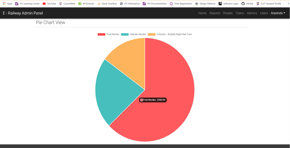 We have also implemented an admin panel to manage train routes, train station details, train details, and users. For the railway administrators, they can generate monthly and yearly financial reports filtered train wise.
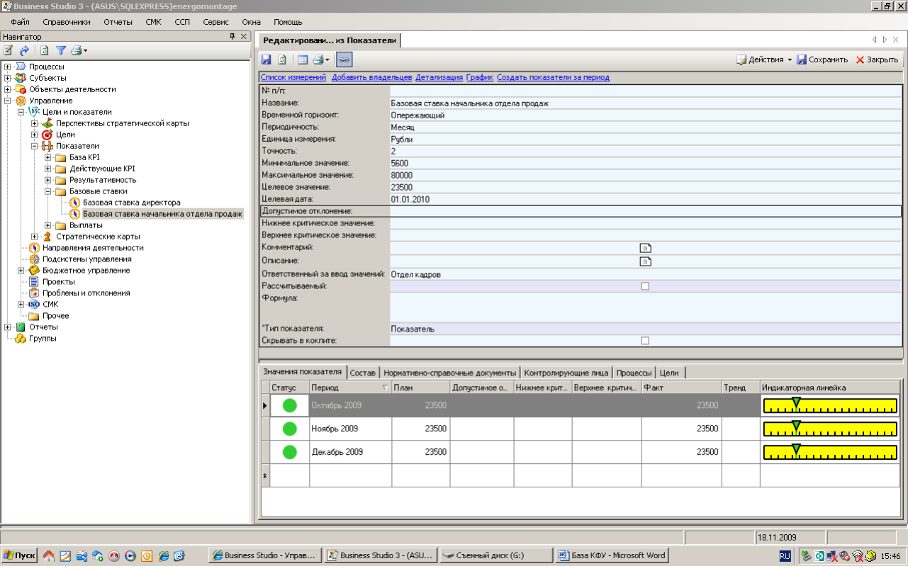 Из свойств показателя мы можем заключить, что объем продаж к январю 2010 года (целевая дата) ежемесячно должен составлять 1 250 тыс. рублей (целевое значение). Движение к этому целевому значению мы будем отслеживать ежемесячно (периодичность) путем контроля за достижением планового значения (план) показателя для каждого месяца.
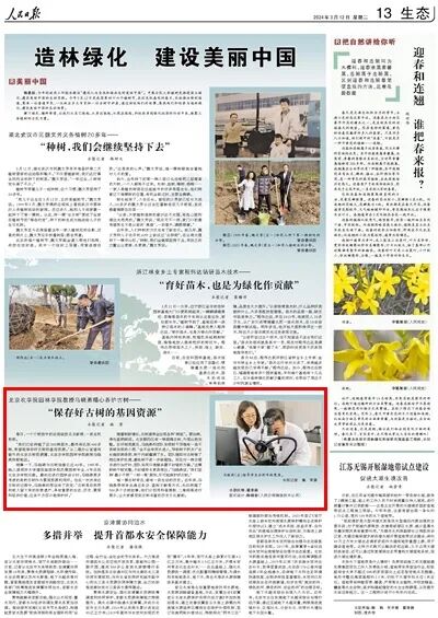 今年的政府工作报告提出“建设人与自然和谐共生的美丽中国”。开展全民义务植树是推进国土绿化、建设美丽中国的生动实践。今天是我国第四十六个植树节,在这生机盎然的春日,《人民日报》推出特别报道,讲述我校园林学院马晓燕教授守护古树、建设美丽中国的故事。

→ What to work on
Could you give the listing above again word for word, without any pictures?

→ Expected answer
 We have also implemented an admin panel to manage train routes, train station details, train details, and users. For the railway administrators, they can generate monthly and yearly financial reports filtered train wise.
 Из свойств показателя мы можем заключить, что объем продаж к январю 2010 года (целевая дата) ежемесячно должен составлять 1 250 тыс. рублей (целевое значение). Движение к этому целевому значению мы будем отслеживать ежемесячно (периодичность) путем контроля за достижением планового значения (план) показателя для каждого месяца.
 今年的政府工作报告提出“建设人与自然和谐共生的美丽中国”。开展全民义务植树是推进国土绿化、建设美丽中国的生动实践。今天是我国第四十六个植树节,在这生机盎然的春日,《人民日报》推出特别报道,讲述我校园林学院马晓燕教授守护古树、建设美丽中国的故事。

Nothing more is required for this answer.